Source data
----------

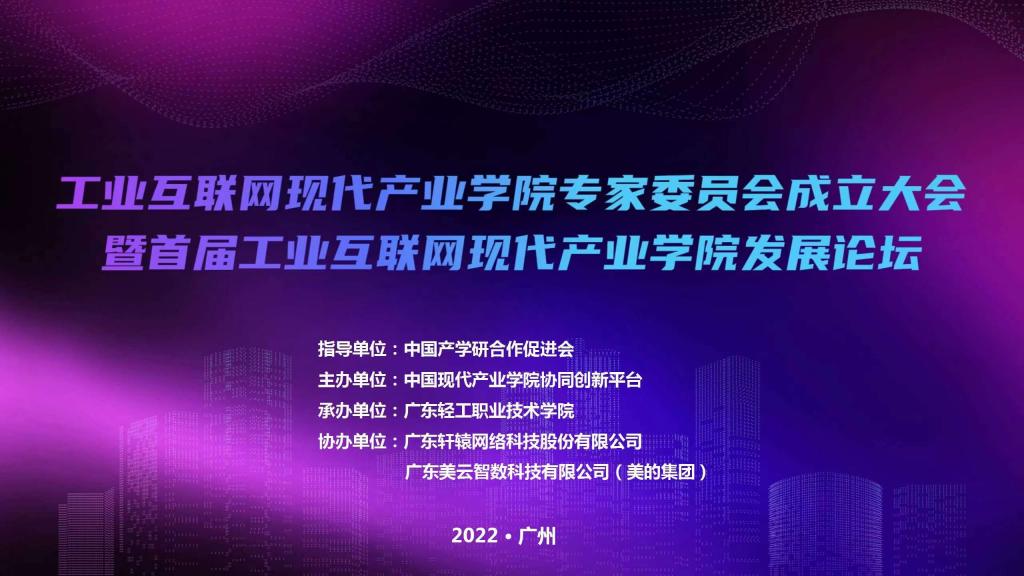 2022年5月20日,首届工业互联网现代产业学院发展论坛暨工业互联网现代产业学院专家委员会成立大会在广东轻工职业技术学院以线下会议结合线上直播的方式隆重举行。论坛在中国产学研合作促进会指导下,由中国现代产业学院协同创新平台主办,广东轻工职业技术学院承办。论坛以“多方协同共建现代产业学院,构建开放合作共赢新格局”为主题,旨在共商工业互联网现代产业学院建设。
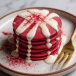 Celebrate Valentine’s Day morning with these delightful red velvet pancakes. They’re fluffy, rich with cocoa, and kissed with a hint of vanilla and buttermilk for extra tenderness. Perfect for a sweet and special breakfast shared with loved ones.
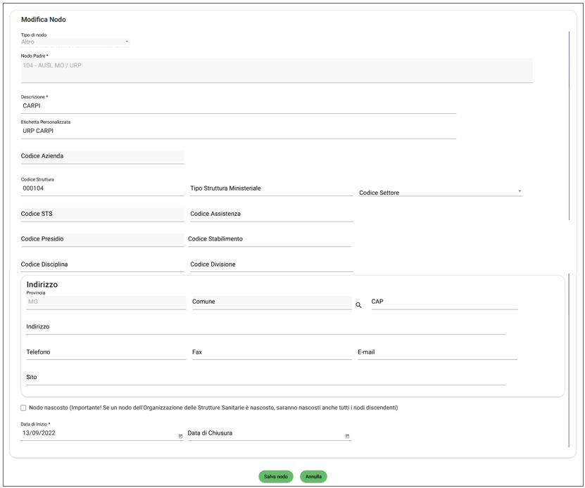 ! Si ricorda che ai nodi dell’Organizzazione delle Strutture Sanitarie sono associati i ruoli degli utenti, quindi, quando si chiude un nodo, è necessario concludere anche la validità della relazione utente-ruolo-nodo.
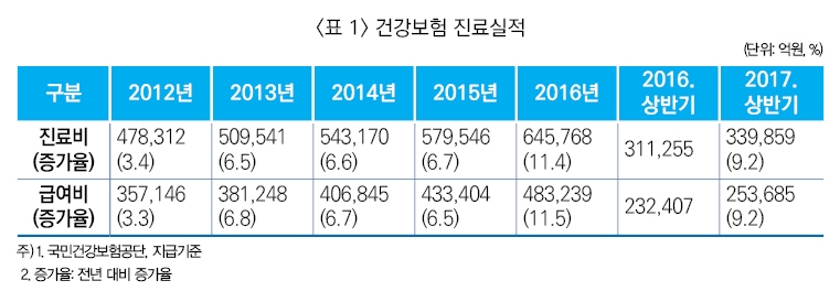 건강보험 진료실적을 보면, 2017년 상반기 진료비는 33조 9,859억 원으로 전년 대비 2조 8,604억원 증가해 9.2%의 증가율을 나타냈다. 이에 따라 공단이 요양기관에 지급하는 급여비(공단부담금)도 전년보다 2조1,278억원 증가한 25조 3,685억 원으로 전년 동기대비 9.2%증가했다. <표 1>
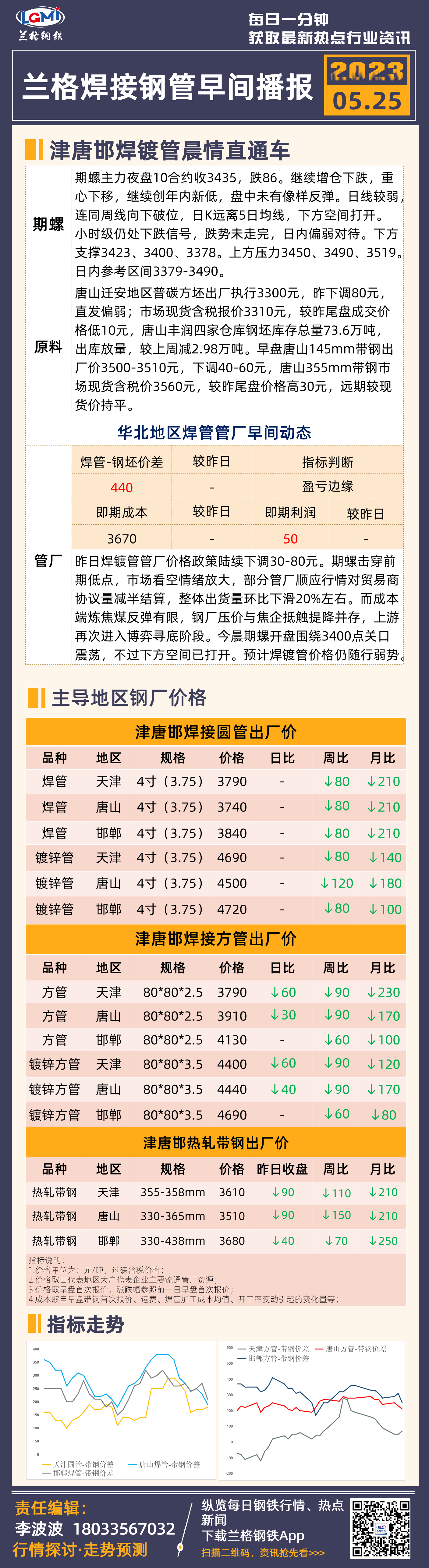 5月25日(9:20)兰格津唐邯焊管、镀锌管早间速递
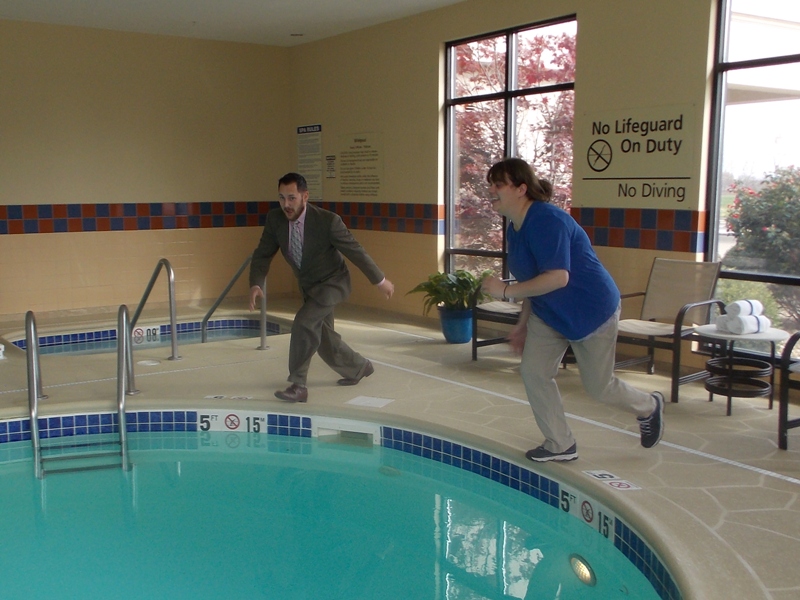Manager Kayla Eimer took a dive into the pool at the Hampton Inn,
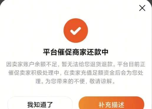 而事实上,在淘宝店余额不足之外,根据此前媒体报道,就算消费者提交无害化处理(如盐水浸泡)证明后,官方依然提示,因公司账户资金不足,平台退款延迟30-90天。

----------

Could you return each line, unchanged, from the line containing "5月25日(9:20)兰格津唐邯焊管、镀锌管早间速递" through the last line of the entries above, leaving out the pictures?

▶ [Solution]
 5月25日(9:20)兰格津唐邯焊管、镀锌管早间速递
Manager Kayla Eimer took a dive into the pool at the Hampton Inn,
 而事实上,在淘宝店余额不足之外,根据此前媒体报道,就算消费者提交无害化处理(如盐水浸泡)证明后,官方依然提示,因公司账户资金不足,平台退款延迟30-90天。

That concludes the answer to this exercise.